Commentaire • 0
Sur la décision
| Référence : | TJ Toulouse, jcp fond, 17 mars 2026, n° 24/02449 |
|---|---|
| Numéro(s) : | 24/02449 |
| Importance : | Inédit |
| Dispositif : | Fait droit à une partie des demandes du ou des demandeurs sans accorder de délais d'exécution au défendeur |
| Date de dernière mise à jour : | 7 avril 2026 |
| Lire la décision sur le site de la juridiction |
Sur les parties
| Cabinet(s) : | |
|---|---|
| Parties : |
Texte intégral
TRIBUNAL JUDICIAIRE,
[Adresse 1],
[Adresse 2],
[Adresse 3],
[Localité 1]
NAC: 5AA
N° RG 24/02449
N° Portalis DBX4-W-B7I-TDIL
JUGEMENT
N° B 26/
DU : 17 Mars 2026
S.A.S.U. ACTION LOGEMENT SERVICES
C/
,
[I], [C] épouse, [R],
[F], [T], [V]
Expédition revêtue de
la formule exécutoire
délivrée le 17 Mars 2026
à la SCP VAYSSE-LACOSTE – AXISA
Expédition délivrée
à toutes les parties
JUGEMENT
Le mardi 17 mars 2026, le Tribunal judiciaire de TOULOUSE,
Sous la présidence de Ariane PIAT, Juge au Tribunal judiciaire de TOULOUSE, chargée des contentieux de la protection, statuant en matière civile, assistée de Olga ROUGEOT, Greffier lors des débats, et de Maria RODRIGUES, Greffier chargée des opérations de mise à disposition.

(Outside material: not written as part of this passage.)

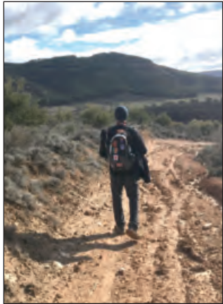
Senderista camino del Picuzo

Giraremos para seguir por el camino de la izquierda tomando dirección Sur para seguir bordeando al pinar y llegar, de nuevo, en kilómetro y medio al Molino Primero y girando a la izquierda donde cruzamos otra vez el río Ungría, para regresar al puente de la carretera, desandando el conocido camino de Armuña y ascender de nuevo a Horche por el mismo itinera-

Après débats à l’audience du 15 janvier 2026, a rendu la décision suivante, mise à disposition conformément à l’article 450 et suivants du Code de Procédure Civile, les parties ayant été avisées préalablement ;
ENTRE :
DEMANDERESSE
S.A.S.U. ACTION LOGEMENT SERVICES, dont le siège social est sis, [Adresse 4]
représentée par la SELARL LEVY ROCHE SARDA AVOCATS, avocats au barreau de LYON, substituée par la SCP VAYSSE-LACOSTE-AXISA, avocats au barreau de TOULOUSE
ET
DÉFENDEURS
Madame, [I], [C] épouse, [R]
demeurant, [Adresse 5]
non comparante, ni représentée
Monsieur, [F], [T], [V]
demeurant, [Adresse 6]
comparant en personne
RAPPEL DES FAITS
Par contrat du 3 janvier 2022, Madame, [I], [C] épouse, [R] a donné à bail à Monsieur, [F], [V] un appartement à usage d’habitation n°25 et un emplacement de stationnement n°73, situés, [Adresse 7] pour un loyer mensuel de 448 euros et une provision sur charges mensuelle de 50 euros.
La SASU ACTION LOGEMENT SERVICES s’est portée caution solidaire de Monsieur, [F], [V] pour les engagements pris au titre du bail du 3 janvier 2022.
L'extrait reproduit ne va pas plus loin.